Hwange Colliery life extended by 20 years

Africa Moyo – Business Reporter

THE allocation of new coal claims – holding more than 900 million tonnes of reserves – to Hwange Colliery Company Limited by Government is expected to add up to the miner’s growth and recovery prospects and increase the life of mine by 20 years.

The claims are located about 40km from current operations.

Government, which holds a 38 percent stake in the business, is the biggest shareholder. The coal miner is of strategic economic importance, supplying industries across the country and firing thermal power stations at Hwange, Harare, Bulawayo and Munyati.

Its viability is critical to other economic sectors like manufacturing and agriculture, and provides business to rail operator the NRZ.

HCCL recently commissioned $31,2 million state-of-the-art mining equipment that is expected to increase throughput from current mines.

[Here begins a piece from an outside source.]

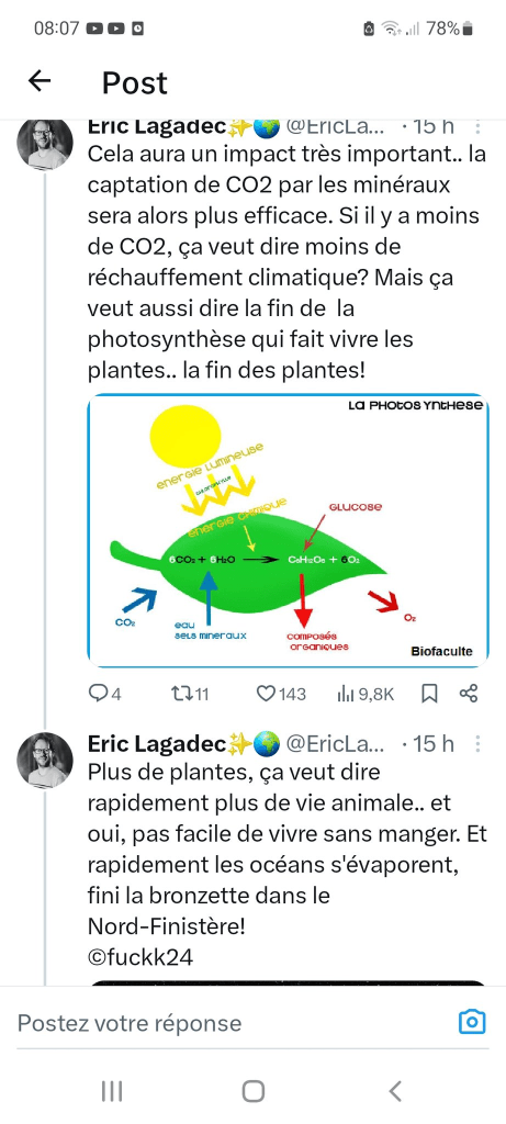 Mon fils ingénieur en environnement aquatique me l’a souvent dit , malheureusement il n’a pas réussi à trouver un emploi digne de sa passion pour l’instant, pourtant en Bretagne où il a emménagé avec sa compagne, on pourrait penser qu’il y a des structures environnementales océaniques, mais même avec son expérience professionnelle de plongée de haut niveau, il semble ne rien avoir pour protéger la vie marine là bas..c’est quand même incroyable… A part des cop toutes plus coûteuses et polluantes les unes que les autres, aucun travail sur le terrain, fautes de budgets probablement ? Il n’existe en réalité pas de volonté politique d’aucune sorte pour agir réellement, que du blabla pour taxer toujours plus les gens et leur fourguer des installations aussi coûteuses, polluantes et néfastes in fine pour eux comme pour l’environnement, éoliennes, pompes à chaleur, panneaux solaires made in china, véhicules électriques etc etc..que du business ! Ça me révolte, alors de mon côté a mon petit niveau je replanter de arbres et autres pour faire ma part de colibri, car je n’ai pas de moyens autres pour protéger la nature..et mon fils se morfond de ne pas pouvoir agir concrètement après toutes ces années d’études et de certification de plongeur professionnel coûteuses et sans travail in fine ! Ce monde est fou et superficiel, les gens préfèrent les blacks friday a leur avenir et celui de leurs enfants…c’est désespérant

The equipment, acquired from India and Belarus and financed by Export and Import Bank of India and PTA Bank, will help the company increase monthly output to about 500 000 tonnes from the current 300 000 tonnes.

Government, through the ministries of Finance and Mines and Mining Development, guaranteed the two facilities. HCCL managing director Engineer Thomas Makore said the new claims were for open cast and underground mining.

“In terms of life of mine, you need a life of mine that is over 20 years; so the concessions we are getting will enable us to extend the life of our mine by over 20 years.

“It is open castable reserves and underground reserves. I think from an investor point of view and a balance sheet point of view, we will have a life of mine that is well beyond 20 years and that is healthy for our balance sheet and healthy for our investors.

“(In terms of size) we are talking about 900 million tonnes of reserves, that is what we are expecting. It is about 40 kilometres from here (Hwange); so, we will use the same infrastructure such as rail to access that reserve,” said Eng Makore.

HCCL’s legacy debt stood at $136 million on December 31, 2014 and the coal miner also owes Government $78 million.

Over the past two years, the company has spent more than $60 million to retire part of these obligations.

Government has however agreed to take over the debt.

For the year to December 2014, Hwange recorded a $37 million loss, with non-recurring items accounting for $13 million of this. Plans are afoot for an $88 million rights issue “in the next few weeks” to clean HCCL’s balance sheet “so that PTA and the Indian Export and Import Bank do not deal with a company that is bankrupt”, said Mines Minister Walter Chidhakwa.